Many students think that speech recognition is very difficult, but it is not, at first I also think so, but later found that speech recognition is the easiest, because students may not know that Python has an audio processing library Librosa, this library is very powerful, can be audio processing,spectrogramRepresentation, amplitude conversion, time-frequency conversion, feature extraction (timbre, pitch extraction) and so on, about Librosa’s more introduction or application need you to go to the official website or check other blog information, here I will simply install, and then the speech recognition explanation.

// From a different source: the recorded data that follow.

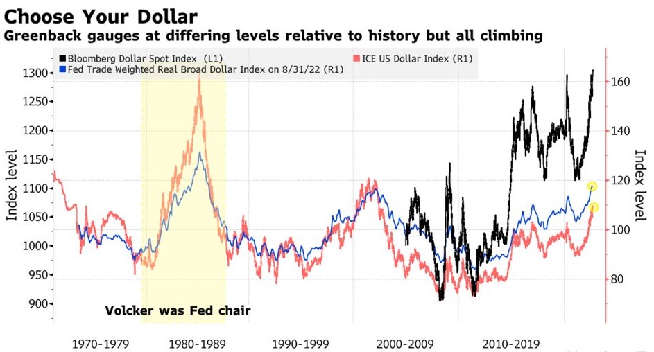 智通财经APP获悉,如果美联储主席鲍威尔真的决心做出“沃尔克式”的举措压制通胀,美元可能会进一步大幅上涨。尽管彭博美元现货指数周二攀升至纪录高位,但ICE美元指数却比1985年沃尔克任期后期的历史高点低了约三分之一。美联储自己编制的美元实际有效汇率指数比当年3月份的峰值低了约11%。
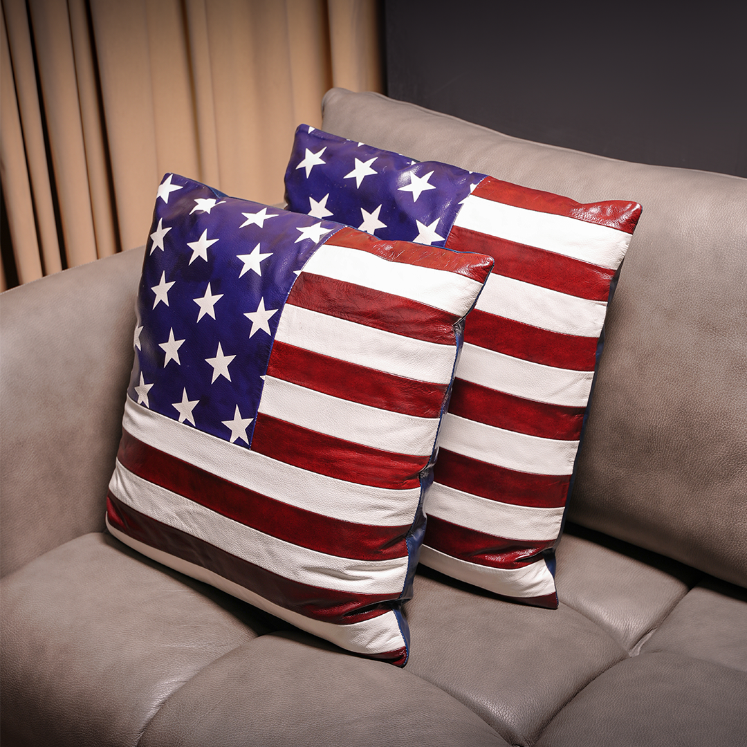 Celebrate bold style with the USA Flag Cushion, a striking blend of 100% genuine cow leather and high-quality sublimation printing. Designed for those who love unique, statement décor, this cushion brings patriotic flair and modern sophistication into any interior.
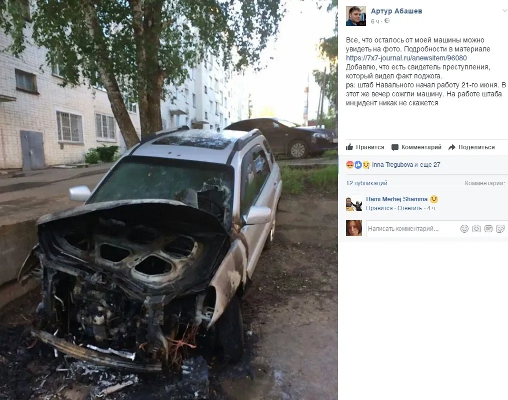 В Кирове сожгли автомобиль координатора штаба Алексея Навального Артура Абашева (он также является зампредседателя кировской Общественной наблюдательной комиссии). Это произошло в день открытия штаба, 21 июня.
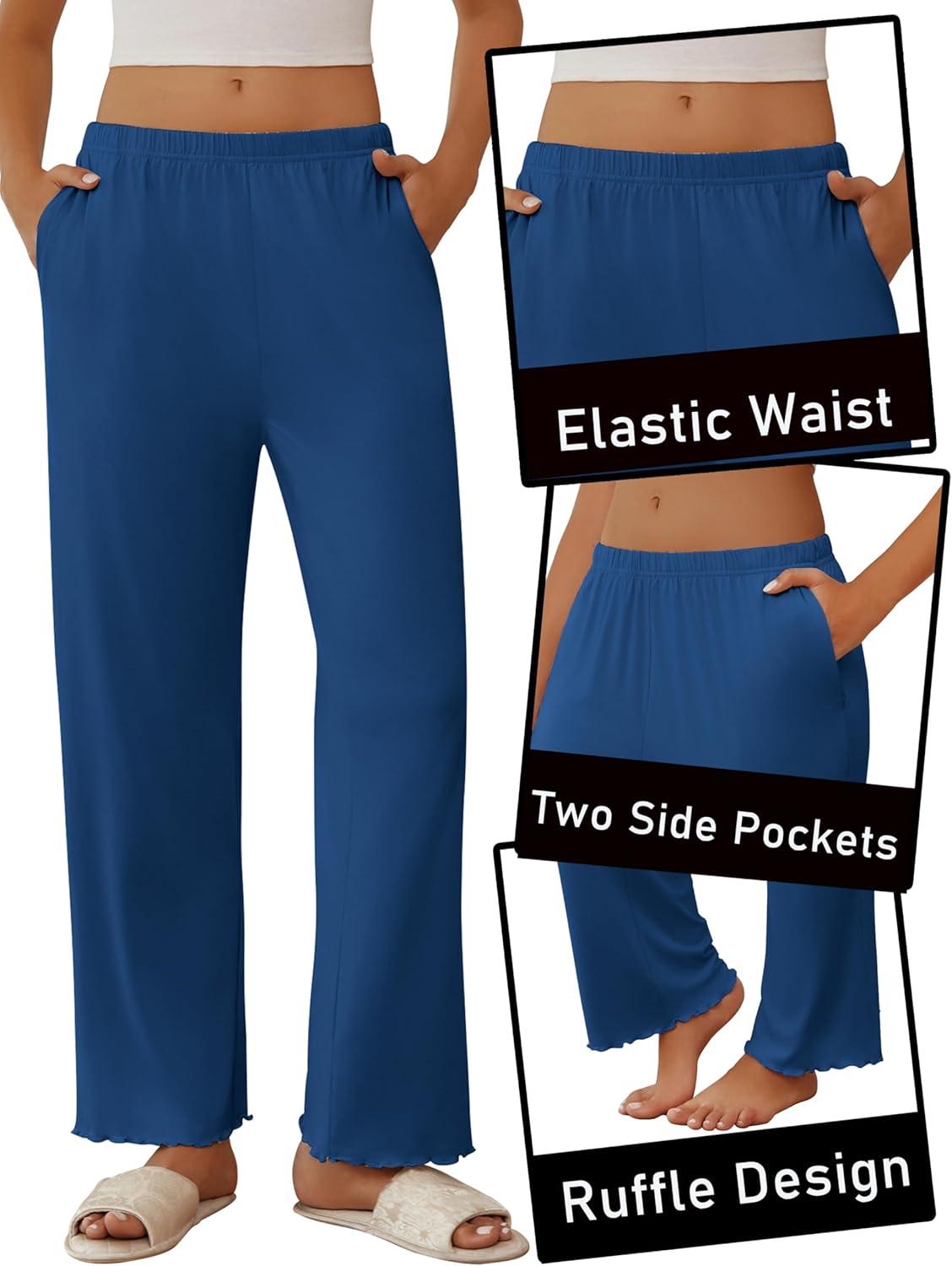 Ekouaer Pajama Pants Women Soft Casual Lounge Pajama Bottoms Comfy Stretch Sleep Pants Wide Leg Pj Bottoms with Pockets(Navy)
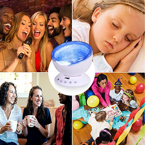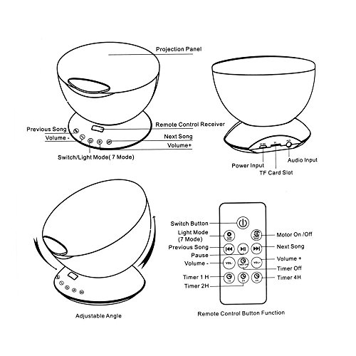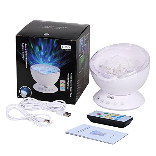 -. Feature : √ Ocean Wave Projector Night Light -- It is Hypnotic Music Lamp, Atmosphere Projector, Card Readable & Sound All-in-One Device. Creates an enjoyable and relaxing bedtime experience for children. Also perfect for adults to attain a relaxing and calming effect in the bedroom, living room, bathroom or spa. Helps drift into a calm and peaceful sleep. / √ 12 LED & 7 Color Changing Modes -- With 12 super bright LED beads, give you a beautiful sea world. 7 kinds of Blue, Red, Green, Multicolored ocean waves lighting modes covering most of the ceiling or wall, and 4 kinds soothing, comforting ocean sounds comes with the led light projector. / √ Remote Control & Timer Settings -- Can control the night light freely by the remote control, and have 1H,2H,4H timer settings, which means you'll setting the best time for it. / √ Adjustable Projection Angle -- The adjustable 45 degree tilt allows you cover the brilliant light on the whole wall or a different direction according to your needs, beautiful like the northern light. / √ Built-in Mini Speaker -- The ocean wave light projector can connect the phone, computer,MP3, notebook or insert TF Card to enjoy your favorite songs, give yourself a place to relax.
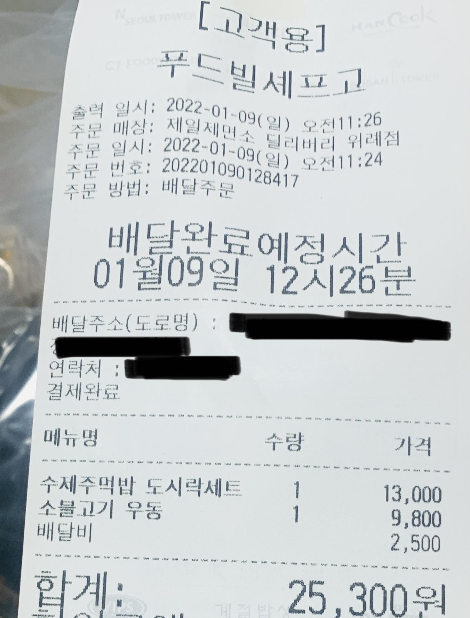 3. 배달비 : 2,500원
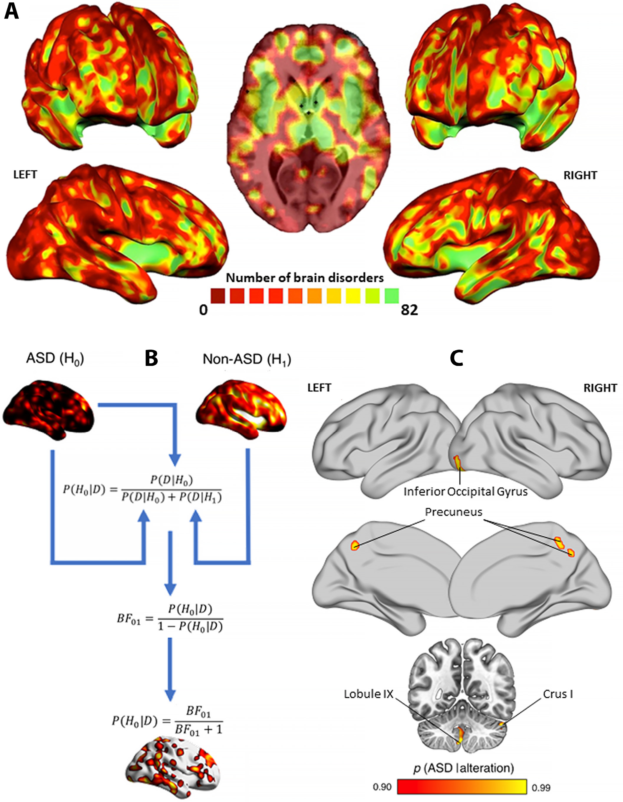 Recently, BACON was used to explore the presence of selective brain abnormalities in autism spectrum disorder across an extensive dataset of 849 VBM experiments, accounting for over 22,000 clinical study participants diagnosed with 132 different brain disorders.51 Intriguingly, findings highlighted the existence of significant abnormalities in both cortical and cerebellar regions, with a selectivity value ≥90% (i.e., p0.9) (Figure 2). Significantly, this study not only introduced a new perspective on understanding the autistic brain, but also presented a reverse inference framework with wide-reaching potential. In fact, the BACON approach is applicable to any other clinical condition that exhibits regional variations in brain structure, as detected through VBM, CT, DWI, DTI, or other group-level sMRI techniques with case-control designs. Furthermore, this toolbox is also potentially applicable to the study of disorder-selective functional brain aberrations as revealed using several whole-brain voxel-wise nuclear medicine and fMRI techniques, such as positron emission tomography (PET), arterial spin labeling (ASL), regional homogeneity (ReHo), or amplitude of low-frequency fluctuations (ALFF), broadening its utility in the field of clinical neuroimaging. Nonetheless, it is crucial to note the current lack of studies in this specific area of research, which underscores the necessity for future multimodal imaging endeavors.
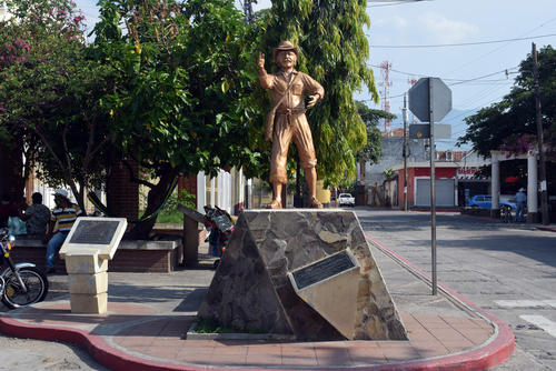 Al echar mano de la camisa a cuadros, pantalón de lona, sombrero, caites y un matate, salió a escena como "Lencho Patas Planas".
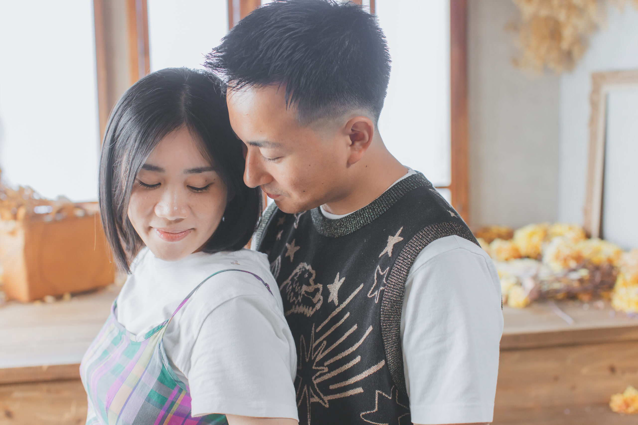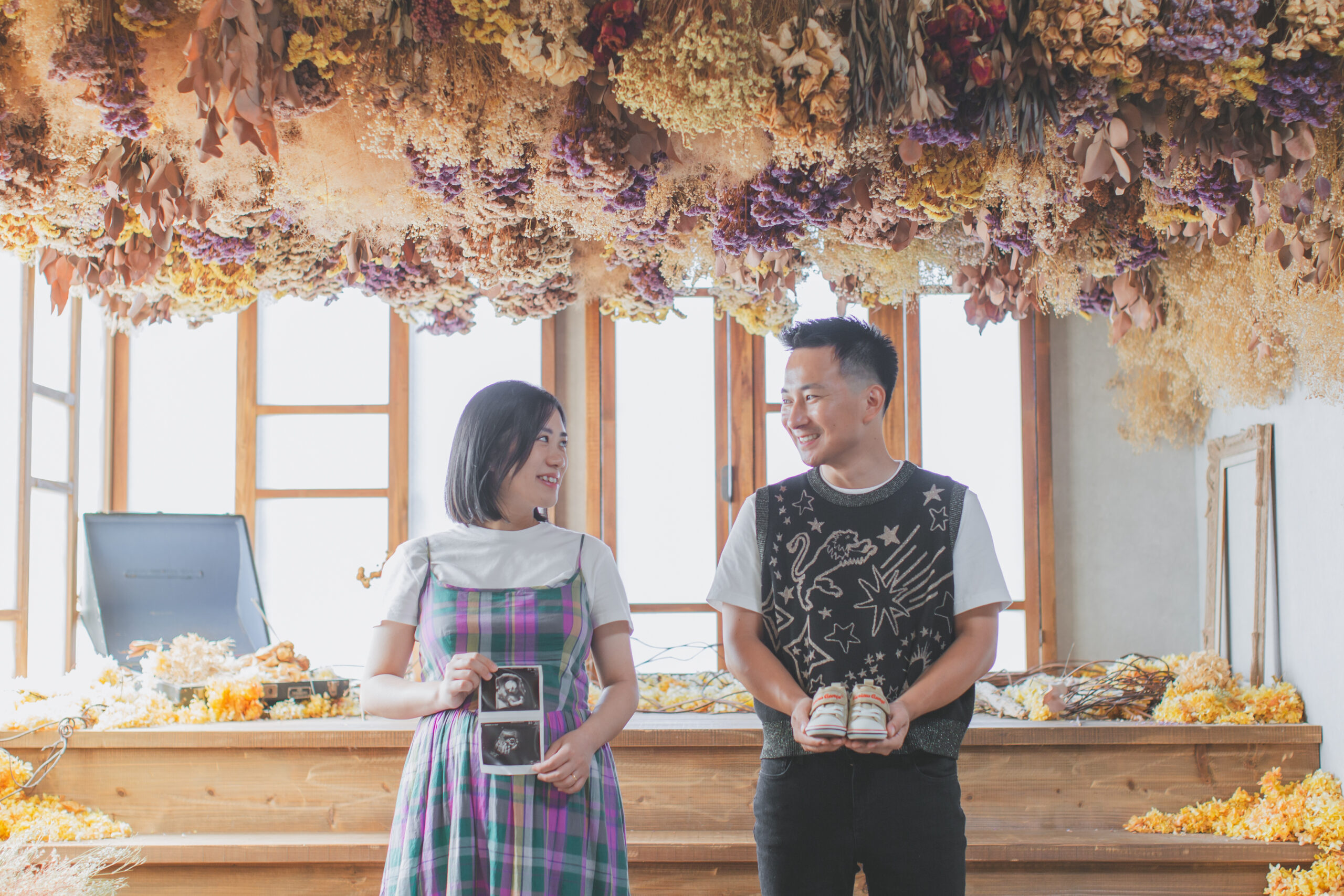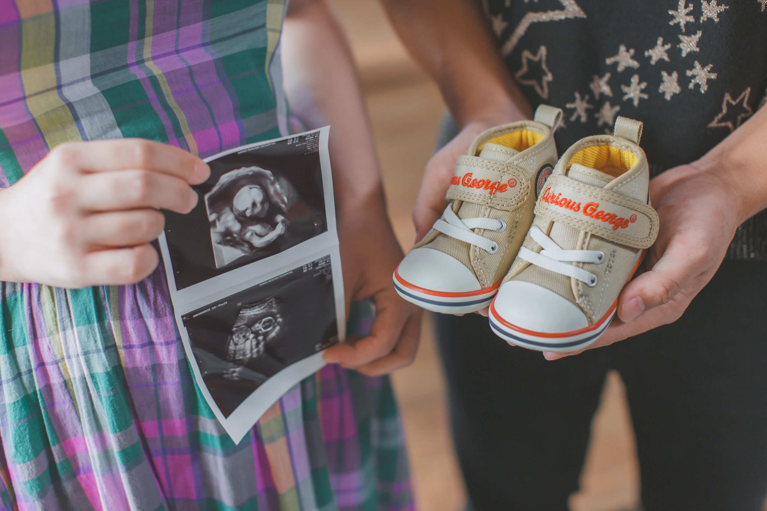 生まれてくる赤ちゃんの靴とエコー写真は、ふたりが選んできた宝物。
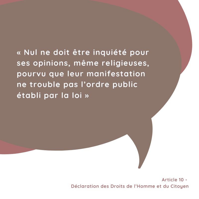 Ces valeurs de laïcité que nous qualifierons de « positives », ce sont les moralistes, les penseurs, les tribuns dont on a choisi a priori de valoriser les œuvres qui ont fini par les lui attacher. Ce sont des représentations. Pour nos amis Polonais par exemple, le français a été longtemps et reste la langue de la Fille ainée de l’Eglise et du culte marial. Il reste que la Déclaration des Droits de l’Homme et du Citoyen et notamment son article 10 ont bien été rédigés en langue française et non pas dans une autre langue. Cet article (« *Nul ne doit être inquiété pour ses opinions, même religieuses, pourvu que leur manifestation ne trouble pas l’ordre public établi par la loi ») dénoue le lien qui unissait le catholicisme et la société politique sous l’Ancien régime. Les lois de laïcité ont hérité de cette disposition fondamentale.
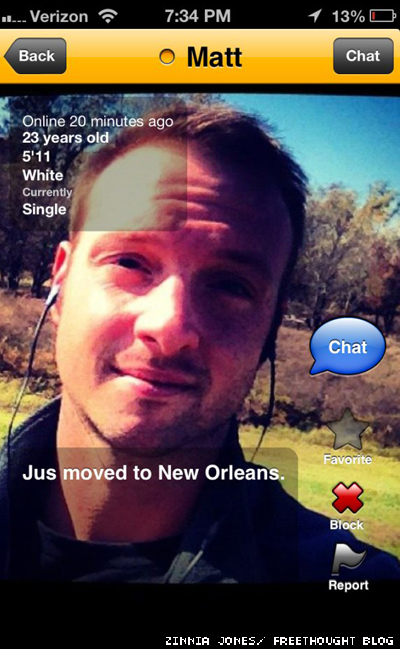 Christian Post blogger Matt Moore was first spotted on Grindr by Huffington Post blogger Zinnia Jones, who received a tip from a reader of her page at Freethought Blogs. Moore eventually confirmed that it was his profile.
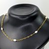 This exquisite 16-inch necklace has been created using gold-over-sterling silver ‘paperclip’ chain with tiny links on to which have been mounted 11 tiny and lustrous baroque freshwater pearls. The necklace has a bolt ring clasp.
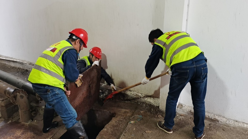 工作時大家換上膠鞋,手拿鐵鍬,在潮濕陰冷的沉水井邊,他們先用鐵鍬清除井底淤泥,然后鉆到沉水井下面,將抽水泵底部葉片上纏繞的異物拾撿干凈,最后用小推車將淤泥運(yùn)走。雖然渾身被污泥和污水弄得又臟又臭,但沒有人有一句怨言,在大家共同力下,將沉水井、出水口井清理疏通干凈。疏通完后,他們又對抽水泵進(jìn)行了安全排查檢修,并進(jìn)行了開機(jī)試運(yùn)行,抽排工作正常。
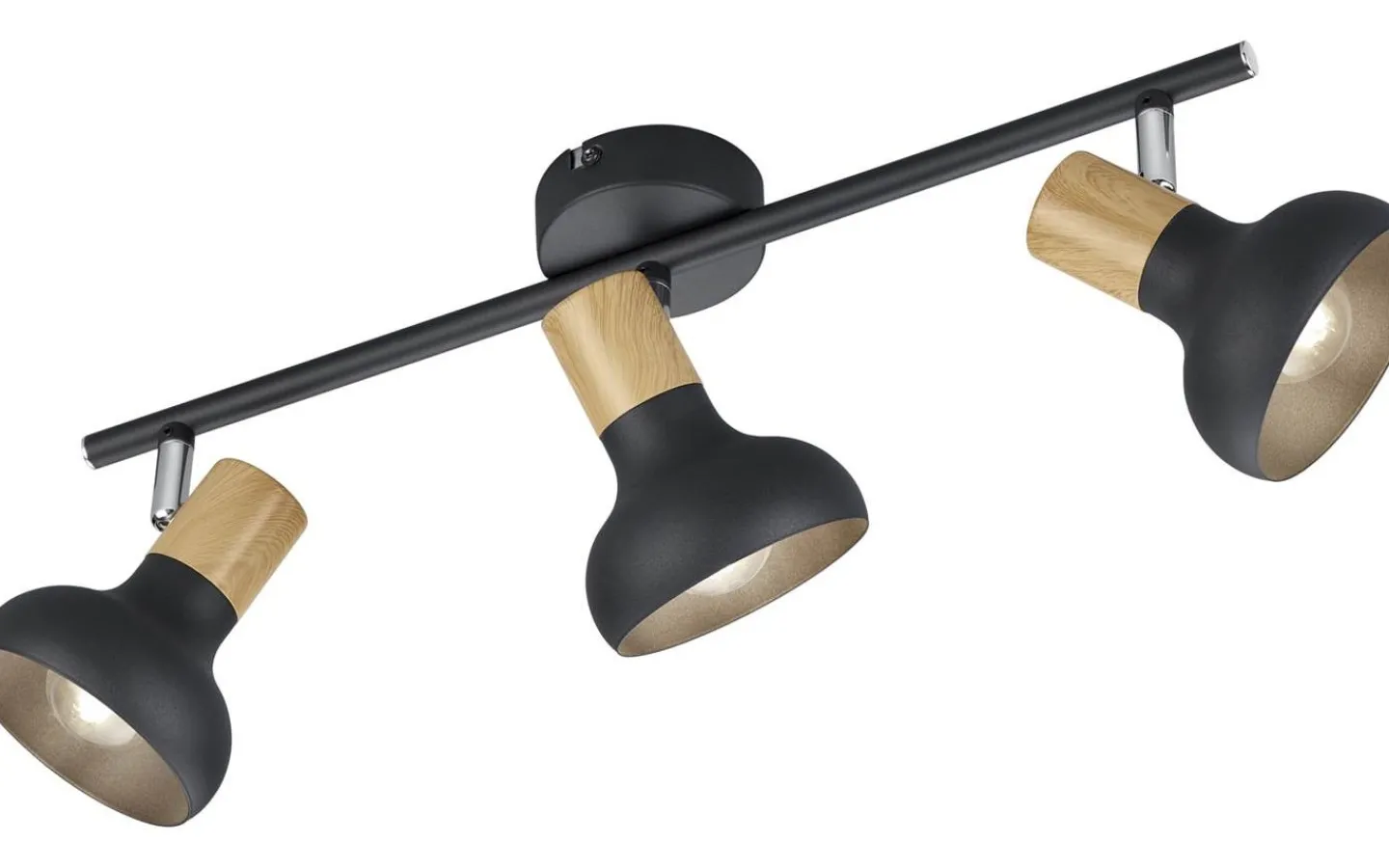 Skapa behagliga ljusaccenter med spotlights från LATIKA-serien och fördjupa ditt vardagsrum i en mysig atmosfär. Oavsett om den används ensam eller i kombination, som huvudljuskälla eller som riktad accentbelysning för specifika områden, kan spotlighten med tre lampor användas på en mängd olika sätt och ger ditt rum en varm känsla tack vare tränyanserna. Kombinationen av svart matt metall och metall med träliknande utseende ger ditt hem en mysig karaktär som enkelt kan kombineras med befintliga interiörer. För modern och pålitlig belysning rekommenderas en LED-lampa. Den erbjuder hög ljuskvalitet, är mångsidig och övertygar med jämn belysning. Dess långa livslängd och låga värmeutveckling gör den till det perfekta valet för en mängd olika användningsområden. Ljuskälla: exklusiv 3x E14 · max. 10W. Extra information: Takmontering, IP20, Lampa(or) ingår ej
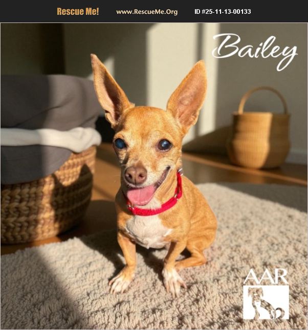 Bailey is a beautiful senior lady with a heart full of love and a surprising amount of pep in her step! She may be a golden girl, but she still enjoys walks, attention, and greeting her favorite volunteers with a happy wag and a sparkle in her eye. Sadly, her devoted owners could no longer care for her, but Bailey hasn't lost her joyful spirit. She takes life in stride - even with a few mild senior quirks like some vision aging and no teeth - none of which slow her down or dampen her enthusiasm for love and companionship. Bailey is ready to share her golden years with someone who will cherish her gentle soul and bright personality. If you're looking for a loyal friend who will fill your days with warmth and affection, Bailey would be thrilled to be your new best friend. ���� Est. DOB: 10/5/13 7 lbs. AAR does not transport for adoption.
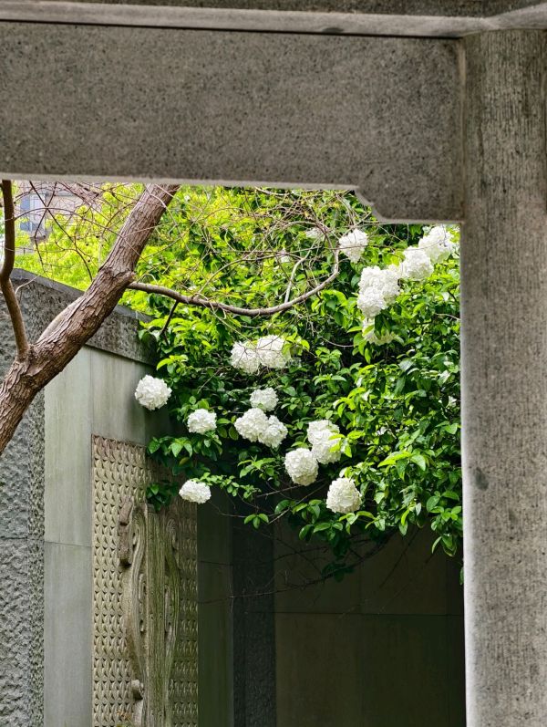 走进西施山公园只见一球球的绣球花开了,绿色的树叶衬托这白色绣球花非常漂亮
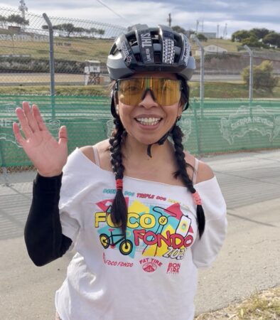 On March 23 we were chatting with the cycling duo below: Salinas residents David, a teacher, and his daughter, Priscilla, home on spring break from her CalPoly classes. Among the topics we touched on was Sea Otter Classic.

Step 1: Install the Librosa library in the terminal
Method 1: Use the pip command
pip install librosa
Method 2: Use the conda command
conda install -c conda-forge librosa
Step 2: Open jupyter and import the libraries for this guide
import librosa
import numpy as np
from sklearn import svm
from sklearn.model_selection import train_test_split
from sklearn.metrics import accuracy_score
from sklearn.linear_model import LogisticRegression
from sklearn.model_selection import train_test_split
import IPython.display as ipd
Step 3: produce voice data, here means that they record audio recordings of different people’s voices, the length of each recording does not require, of course, I personally think that the recording time of 20-30 seconds can be, at least 3 recordings of audio, because I use the following method is a multi-classification training method, must be 3 audio, and Librosa audio format is generally WAV, MP3 (here to pay attention to the) is that if you record the audio file was not MP3 or WAV format, do not rename the file to change the suffix, to use a special tool to change the suffix, or report an error, I tried), the following is my 3 recordings to train the audio file were tbb-01.mp3 (I speak directly to the voice), the 3 audio to replace the sound of your own recordings, if you still don’t understand the comment area we see. If you still don’t understand, let’s see you in the comments section.
# Load data sets
def load_data():
# Load the audio data of the three instruments tbb, aichen, xsc
tbb, sr1 = librosa.load('tbb-01.mp3')
aichen, sr2 = librosa.load('aichen-01.mp3')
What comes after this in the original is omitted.